Directions » Copy down every line of the data that follows exactly. Omit the pictures.

Data excerpt »
================================
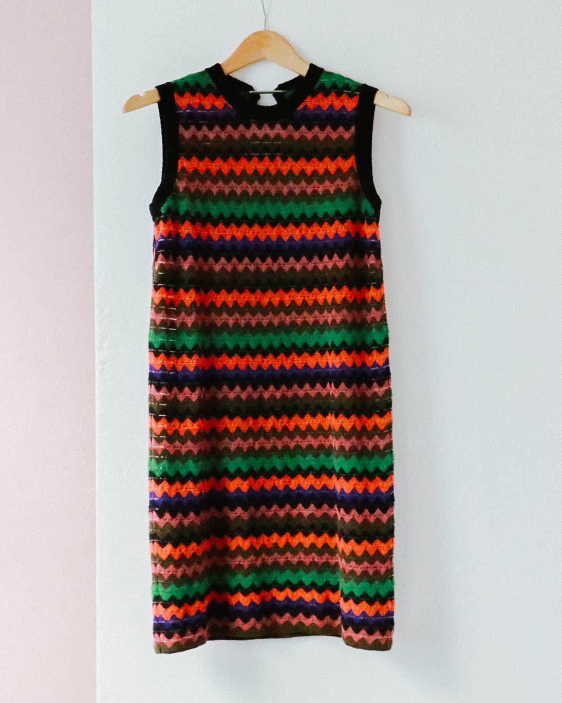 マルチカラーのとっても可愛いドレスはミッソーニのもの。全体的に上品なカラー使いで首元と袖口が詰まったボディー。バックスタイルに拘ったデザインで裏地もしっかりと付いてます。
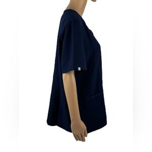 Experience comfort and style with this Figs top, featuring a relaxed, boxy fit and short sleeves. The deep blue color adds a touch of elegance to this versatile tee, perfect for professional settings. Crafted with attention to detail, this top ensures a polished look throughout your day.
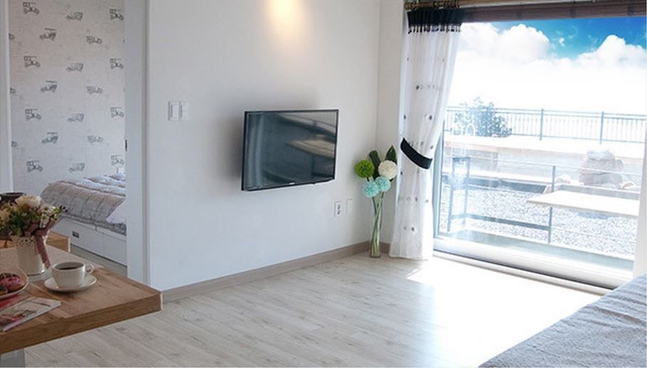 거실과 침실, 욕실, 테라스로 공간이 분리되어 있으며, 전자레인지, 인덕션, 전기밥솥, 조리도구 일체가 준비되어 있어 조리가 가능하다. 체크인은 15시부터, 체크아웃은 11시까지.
================================
Answer box »
 マルチカラーのとっても可愛いドレスはミッソーニのもの。全体的に上品なカラー使いで首元と袖口が詰まったボディー。バックスタイルに拘ったデザインで裏地もしっかりと付いてます。
 Experience comfort and style with this Figs top, featuring a relaxed, boxy fit and short sleeves. The deep blue color adds a touch of elegance to this versatile tee, perfect for professional settings. Crafted with attention to detail, this top ensures a polished look throughout your day.
 거실과 침실, 욕실, 테라스로 공간이 분리되어 있으며, 전자레인지, 인덕션, 전기밥솥, 조리도구 일체가 준비되어 있어 조리가 가능하다. 체크인은 15시부터, 체크아웃은 11시까지.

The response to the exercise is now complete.